Another consideration is the manner in which health outcome statistics are defined. For example, the United States is more liberal in accounting for pre-mature births. Since “premies” are more likely to die, this increases infant mortality and lowers life expectancy. A broader critique of these statistics comes from Whitman (2008) who critiques a World Health Organization report (2000) and its implicit assumptions: “some of them are logically incoherent, some characterized by substantial uncertainty, and some rooted in ideological beliefs and values that not everyone shares”.

Whitman also takes the WHO report to task because it makes no reference to variance in lifestyle choices between countries: “The WHO approach holds health systems responsible not just for treating lung cancer, but for preventing smoking in the first place; not just for treating heart disease, but for getting people to exercise and lay off the fatty foods.” Of course, such problems are largely beyond the control of a health care system and such an analysis is clearly inferior in that it ignores individual and cultural preferences—as well as the inherent trade-offs between health and other economic goods.

Lifestyle choices are important, but systematically ignored in these discussions. Proponents of more government intervention point to European countries with heavier government involvement and better health outcome statistics. But Singapore has considerably less government involvement in health care—with one-fifth of U.S. expenditures per capita and one-fourth in terms of GDP (Weber, 2008). Clearly, the level of government involvement is not the primary explanation.[4]
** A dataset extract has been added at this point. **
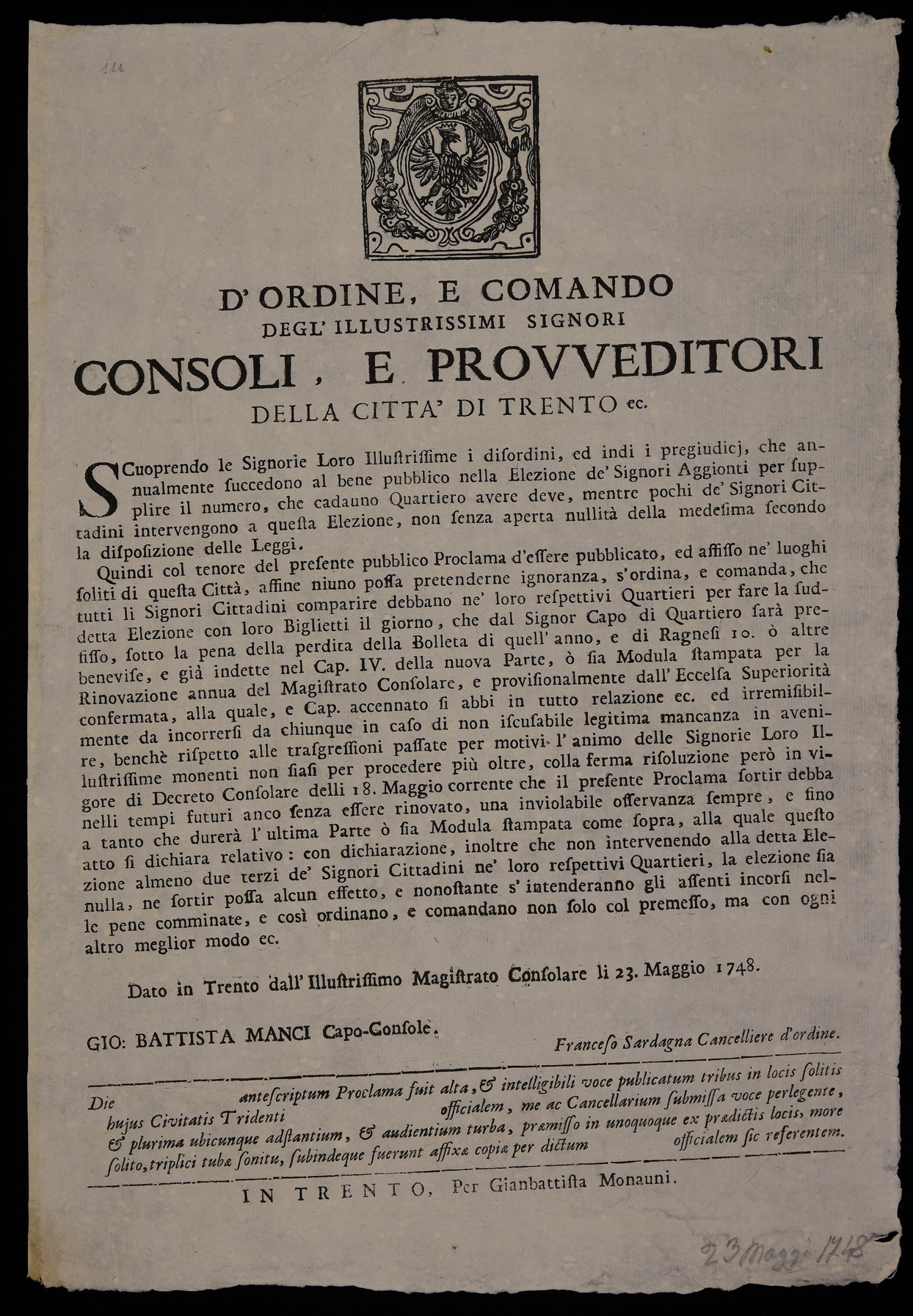 Proclama sull'elezione dell'Aggiunta emanato il 23 maggio 1748 dal Magistrato consolare di Trento, stemma del Magistrato consolare di Trento, sottoscritto da Giovanni Battista Manci (capo console) e da Francesco Sardagna (cancelliere)

It’s worth noting that one would expect government intervention to be relatively effective within a smaller, more homogeneous population. But neither of those characteristics describe America. If one wants more government activism on that basis, then advocacy of small, local, and state experiments makes far more sense than leaping into one, grand, risky, federal experiment.

One other difference has received a lot of attention: differences in Medicare spending by region. The assumption is that medical decisions are driven by “cultural” factors of a sort—that doctors and patients grow accustomed to levels of health care not found in other areas of the country. Moreover, these higher spending levels do not seem to be correlated with better health outcomes. For example, Wennberg et. al. (2002) find that rates of illness do not explain differences in spending across regions.

Taken at face value, this calls for decreased Medicare spending in those regions—an opportunity to reduce expenditures without compromising health care. Again, this is consistent with Cutler’s (1995) observation that the impact of spending on the insured is not correlated with outcomes. Rettenmaier and Saving (2009a) note that this is “one of the leading rationales for reform” in Medicare. But this factoid could be more easily used to motivate less rather than more government involvement—with Medicare in particular and health care in general.

They observe that “some of the variation in Medicare spending can be linked to a state’s income, demographics, health market conditions and the population’s underlying health risks”. They also acknowledge that “there remains some persistent variation that has often been attributed to differences in the way health care is practiced”. But they find that “the same pattern of regional variation observed for Medicare spending does not necessary hold when other measures are used.”

They also investigate the percentage of uninsureds as an explanatory variable. “As expected, a higher uninsured rate is associated with lower state health care spending in the non-Medicare/Medicaid population. In contrast, a higher percent of the population with no insurance resulted in higher Medicare spending per enrollee, indicating cost shifting to Medicare.”

In any case, this debate underlines the importance of closely equating care with costs—restoring “price tags” to health care. This can only be accomplished through market-based incentives.






[4] Lifestyle choices also extend beyond “health”. Krug et. al. (1998) finds that firearm mortality rates are eight times higher in America than in its economic counterparts (14.24 vs. 1.76 per 100,000)—and the rate in the Americas exceeds those in Asia by 95-fold.